The coating film of the present invention comprises an antireflection film 1
Or, it can be suitably used as two or more layers. In particular, considering the range of the refractive index that can be adjusted by changing the type and blending amount of the metal oxide ultrafine particles, forming the medium refractive index layer to the high refractive index layer Suitable to do. The coating film of the present invention is used for forming at least one layer of a multilayer antireflection film formed by laminating two or more layers (light transmitting layers) having light transmittance and different refractive indexes from each other. Can be. In this specification, the layer having the highest refractive index in the multilayer antireflection film is referred to as a high refractive index layer, the layer having the lowest refractive index is referred to as a low refractive index layer, and other intermediate refractive indexes. The layer having the refractive index is called a medium refractive index layer.

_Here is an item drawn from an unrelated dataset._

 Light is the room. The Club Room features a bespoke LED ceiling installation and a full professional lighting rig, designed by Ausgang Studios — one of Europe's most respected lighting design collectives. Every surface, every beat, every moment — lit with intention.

According to the present invention, the film thickness after curing is 0.05 to
When a coating film of 0.2 μm is formed, the refractive index is 1.55 to
Adjusted to the range of 2.00, and the haze value measured integrally with the substrate according to the provisions of JIS-K7361,
It is possible to keep the same haze value as that of the base material alone or to suppress the difference from the haze value of the base material only to within 1%.

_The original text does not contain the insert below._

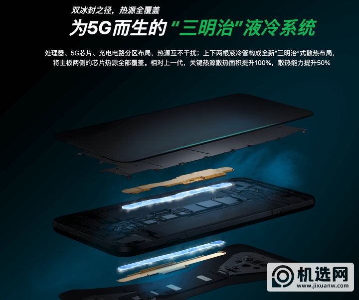 黑鲨称其为“三明治”液冷系统。它实际上在主板的前端和后端放置了一根金属热管。一般来说,热管中会有大量的毛细管结构和相应的冷凝介质(处理过的水)和管道。内部将保持真空。
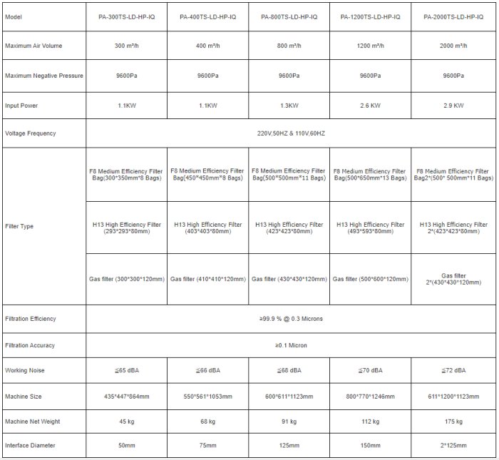 - TS-IQ, TD-IQ, FS-IQ series are equipped with low power consumption, maintenance-free, high-volume brushless fans, stable operation and long service life. The TS-LD-HP-IQ series is equipped with a high negative pressure brushless fan with large suction power;

Further, even if only a coating film of the present invention is provided on a surface coated with an antireflection film, for example, a display surface of an image display device, the refractive index of the coated surface itself and the refractive index of the coating film of the present invention can be improved. When the balance is just right, an antireflection effect can be obtained. Therefore, the coating film of the present invention may function effectively as a single-layer antireflection film in some cases.

The coating film of the present invention is particularly suitable for a liquid crystal display (L
CD), a cathode ray tube display (CRT), a plasma display panel (PDP), an electroluminescence display (ELD), and the like. It is suitably used for forming.

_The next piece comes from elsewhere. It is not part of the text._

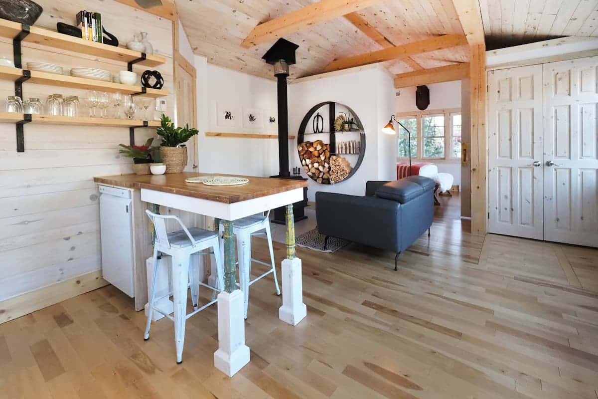 Pour une escapade de détente au cœur de la forêt, ce logement a compris la formule magique: foyer au bois, grandes fenêtres, cuisine moderne et chambre douillette. À 15 minutes de la station de ski et du centre touristique de Tremblant.

[0063] Application Example Figure 1 of the coating, which an example of a cross section of a liquid crystal display device 101 which covers the display surface by inclusive multilayered antireflection film coating of the present invention as a light transmitting layer shown schematically It is. The liquid crystal display device 101 prepares a color filter 4 in which an RGB pixel portion 2 (2R, 2G, 2B) and a black matrix layer 3 are formed on one surface of a glass substrate 1 on a display surface side, and a pixel of the color filter is prepared. The transparent electrode layer 5 is provided on the portion 2, the transparent electrode layer 7 is provided on one surface of the rear glass substrate 6, and the rear glass substrate 6 and the color filter 4 are arranged such that the transparent electrode layers 5 and 7 face each other. The gap is sealed with a sealing material 8, the liquid crystal L is sealed in the gap, an alignment film 9 is formed on the outer surface of the glass substrate 6 on the back side, and the glass substrate on the display surface side is formed. 1, a polarizing film 10 is attached to the outer surface, and a backlight unit 11
Is arranged.

FIG. 2 schematically shows a cross section of the polarizing film 10 attached to the outer surface of the glass substrate 1 on the display surface side. In the polarizing film 10 on the display surface side, a polarizing element 12 made of polyvinyl alcohol (PVA) or the like is coated on both sides with protective films 13 and 14 made of triacetyl cellulose (TAC) or the like, and an adhesive layer 15 is provided on the back side. A hard coat layer 16 and a multilayer antireflection film 17 are sequentially formed on the viewing side, and are adhered to the glass substrate 1 on the display surface side via an adhesive layer 15.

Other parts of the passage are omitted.